Items listed in a dataset:
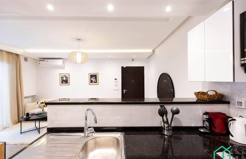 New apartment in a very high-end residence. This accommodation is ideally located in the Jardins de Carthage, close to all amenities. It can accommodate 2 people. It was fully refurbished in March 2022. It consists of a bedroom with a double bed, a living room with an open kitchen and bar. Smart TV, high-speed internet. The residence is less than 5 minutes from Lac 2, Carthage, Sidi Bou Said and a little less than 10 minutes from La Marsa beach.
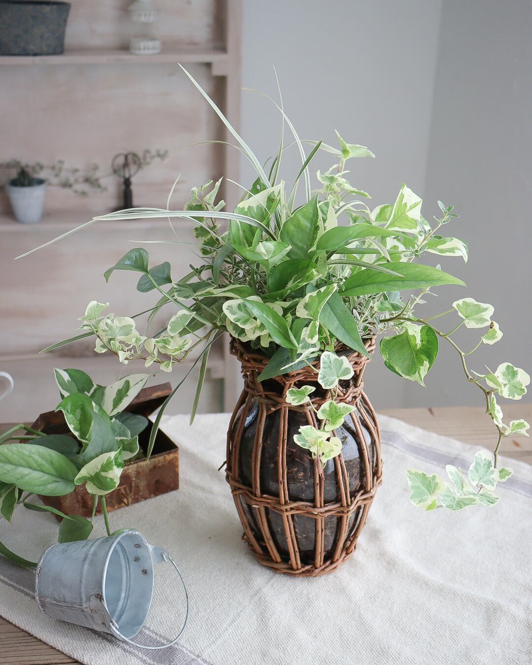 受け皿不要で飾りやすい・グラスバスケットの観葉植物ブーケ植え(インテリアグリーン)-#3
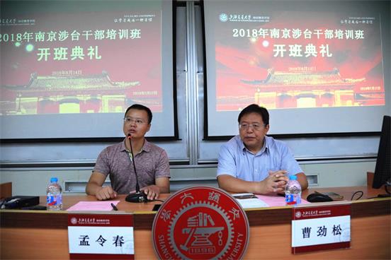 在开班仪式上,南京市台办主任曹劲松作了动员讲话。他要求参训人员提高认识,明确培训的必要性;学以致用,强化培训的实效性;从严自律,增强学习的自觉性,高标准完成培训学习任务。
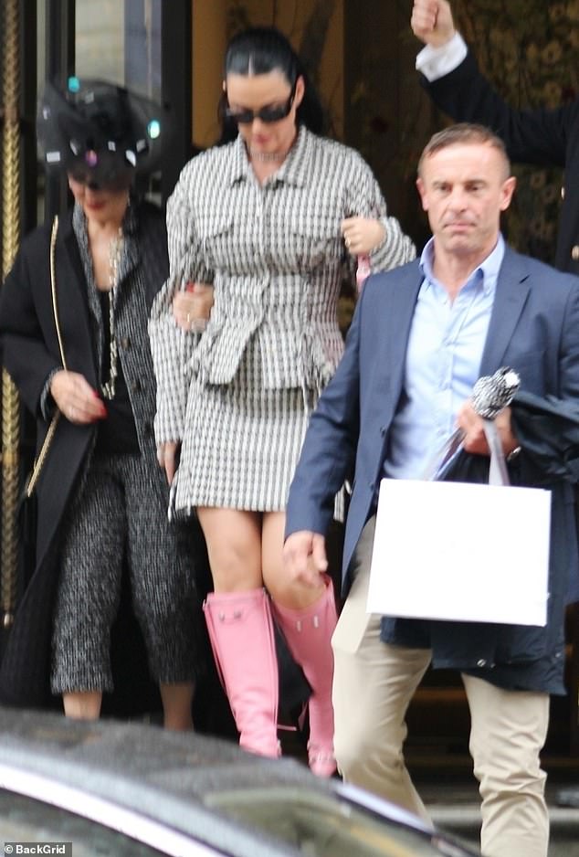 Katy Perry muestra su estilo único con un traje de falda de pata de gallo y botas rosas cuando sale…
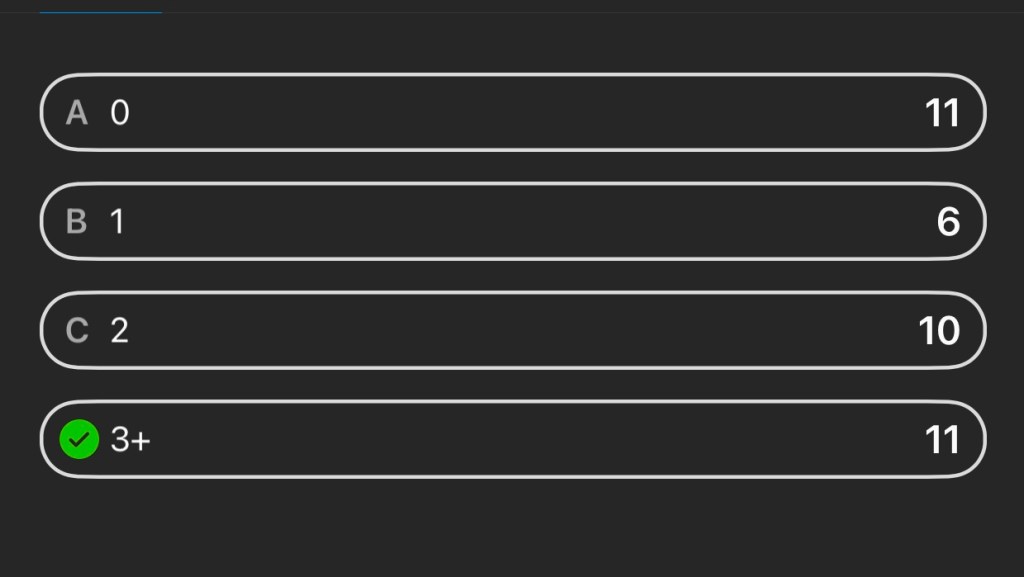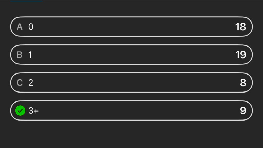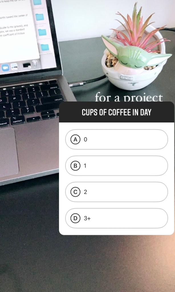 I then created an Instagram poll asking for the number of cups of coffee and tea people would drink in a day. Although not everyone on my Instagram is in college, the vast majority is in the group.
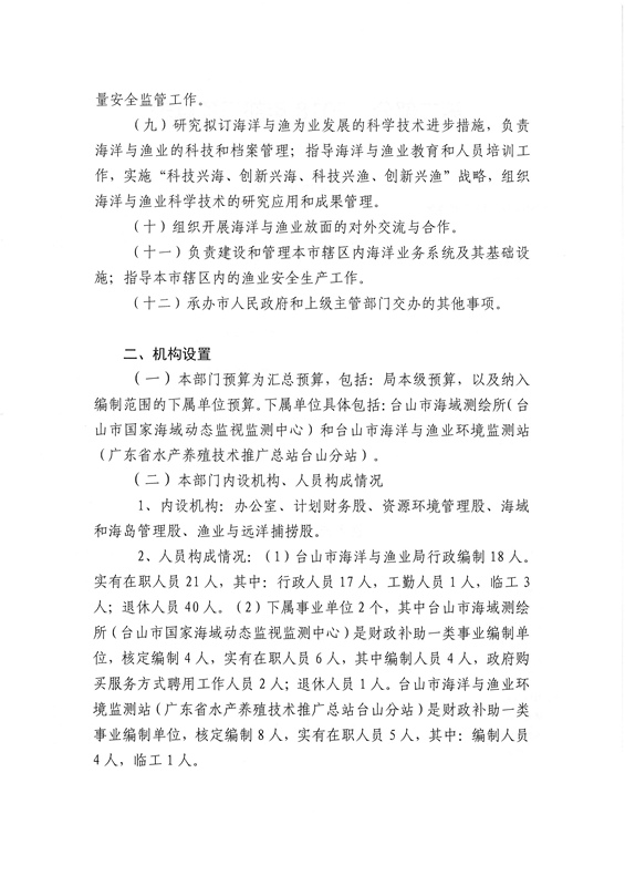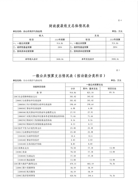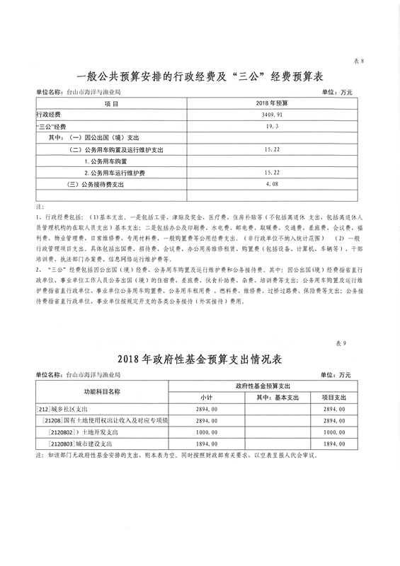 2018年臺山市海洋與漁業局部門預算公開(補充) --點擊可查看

# [What the task asks]
Repeat only the lines between the start of the data and the line with "受け皿不要で飾りやすい・グラ", including those two lines, and skip the pictures.

# [Answer for the task]
 New apartment in a very high-end residence. This accommodation is ideally located in the Jardins de Carthage, close to all amenities. It can accommodate 2 people. It was fully refurbished in March 2022. It consists of a bedroom with a double bed, a living room with an open kitchen and bar. Smart TV, high-speed internet. The residence is less than 5 minutes from Lac 2, Carthage, Sidi Bou Said and a little less than 10 minutes from La Marsa beach.
 受け皿不要で飾りやすい・グラスバスケットの観葉植物ブーケ植え(インテリアグリーン)-#3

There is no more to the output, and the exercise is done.